March 06, 2004

homesick turkey

a few months ago, i was asked to give my "testimony" in church. i was given 5 minutes.

::

It was beautiful, really. Our first turkey. No past turkey cooking experience to rely on. No one to tell us what was inside the white bag. Not even to help us locate the thingies you’re supposed to pull out before cooking. It made sense that we would cook a turkey on Christmas day, but the turkey itself was a frozen, ten-pound mystery. Appropriately, we started laughing.

Hours later, I was standing on the back porch, thinking to myself: I’m 29, for the first time I’m not at home with my parents and sisters and crazy Uncle Phil, my friends are in the kitchen drinking whiskey, I’m out back smoking—it’s Christmas. Half of me felt homesick, and 2/3 of me felt as if I were home.

I walked back into the kitchen, where Michael, Chris, Bo, Tirzah, and Paul were hovering over mashed potatoes and asparagus casserole and stuffing (northern) and croissants and a cooked turkey, whose previously unfound bag of thingies, fortunately, had not exploded. Appropriately, Bo gathered us together to express our gratitude to God. “Father,” he began, “this food is a gift. Thank you.” He continued praying, and though Bo is not generally given over to ecstasy, for a moment I wondered if he had taken up tongues, but the tone and the cadence were a bit too sharp, digital even. Fortunately, it was only a cell phone. Bo kept praying, and for a moment, it seemed as if we were so in-tune with this Christmas prayer that we might block out the potential awkwardness altogether, this unexpected intrusion into our communion with God. Unable to hold back his excitement, however, Paul, after the third ring, and in response to the phone’s sudden intrusion, announced with delight, “It’s a Christmas miracle!”
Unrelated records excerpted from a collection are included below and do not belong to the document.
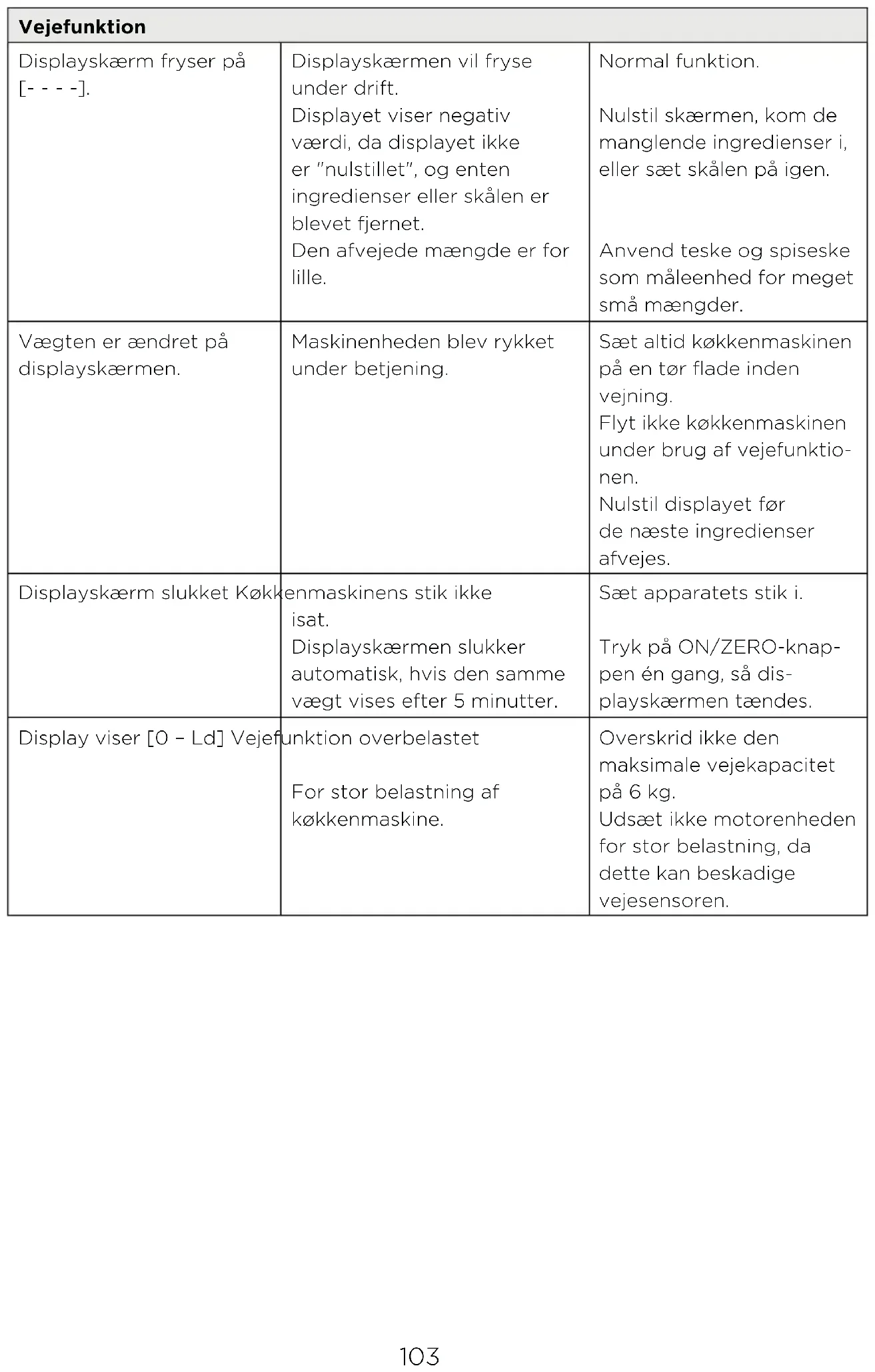 Enheten väger i steg om 1 g och användning av teskeds-/ matskedsmått rekommenderas vid vägning av små mängder.
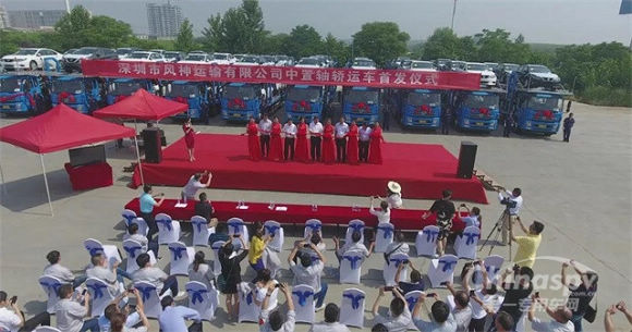 6月1日,东风车城物流股份有限公司首批106辆东风天锦中置轴轿运车满载848辆东风日产、东风英菲尼迪品牌乘用车(每辆轿运车装载8辆轿车),从襄阳物流基地出发,发往东风日产和东风英菲尼迪广东、山东的经销商。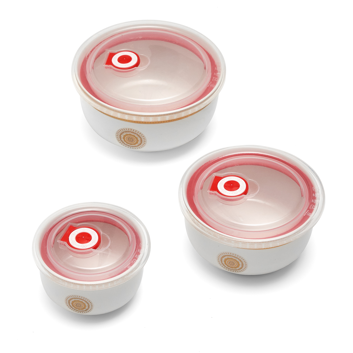 Набор состоит из 3 контейнеров, разного объёма, с крышками. Эта посуда поможет любой хозяйке, эстетично сервировать стол и удобно хранить продукты. Пустые контейнера, можно компактно хранить друг в друге. Набор выполнен из высококачественного фарфора.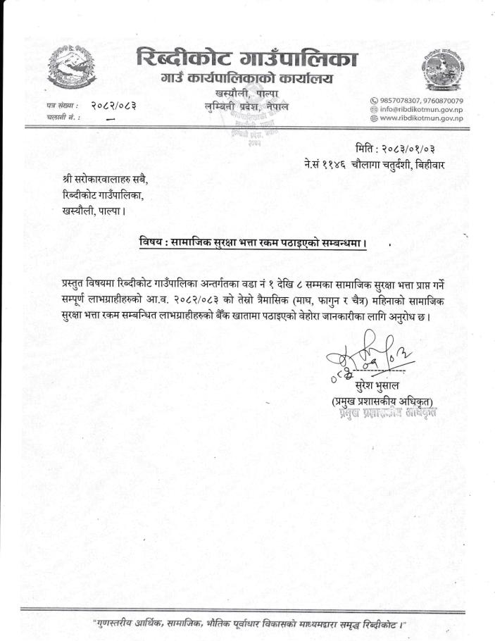 सामाजिक सुरक्ष भत्ता रकम पठाइएको सूचना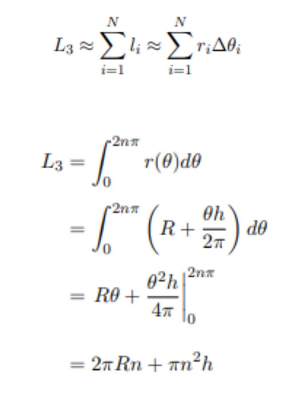 不过,纸卷的情况要比这个更复杂,因为纸不断缠绕的时候,圆环的半径也在不断增加。与其把它看成是一层一层的圆环,还不如直接看成一个螺旋,通过旋转的角度来计算螺旋的总长度。然后再把纸巾转过的所有角度都加起来就好了。

We all fell out laughing, I leading the charge, and I realized: This is what I was made for, this is what I was saved toward.

How did I arrive here? In, now, 4 minutes, how do I communicate what God has done for me, and how He has had mercy on me, which is what Jesus, in Mark 5, instructs the now-converted Gerasene demoniac to tell, the only kind of legitimate testimony? In some ways, I can’t tell it, and all I’m left with are pictures, metaphors and similes. The kingdom of heaven is like this; the kingdom can be compared to a man who . . . .

Based on this Christmas, it’s clear that he’s had mercy on me corporately, but this “corporately,” this community, is, in one sense, only my present destination, my final foster home—I, with the faceless masses, had moved from home to home before this. How did I get here, to a kitchen in St. Louis with a turkey and a cell phone and laughter, where everyone knows my name? How? Who can say? "Why," though, is different. Why, because, at one point in my history, God himself called me by name, and I heard laughter.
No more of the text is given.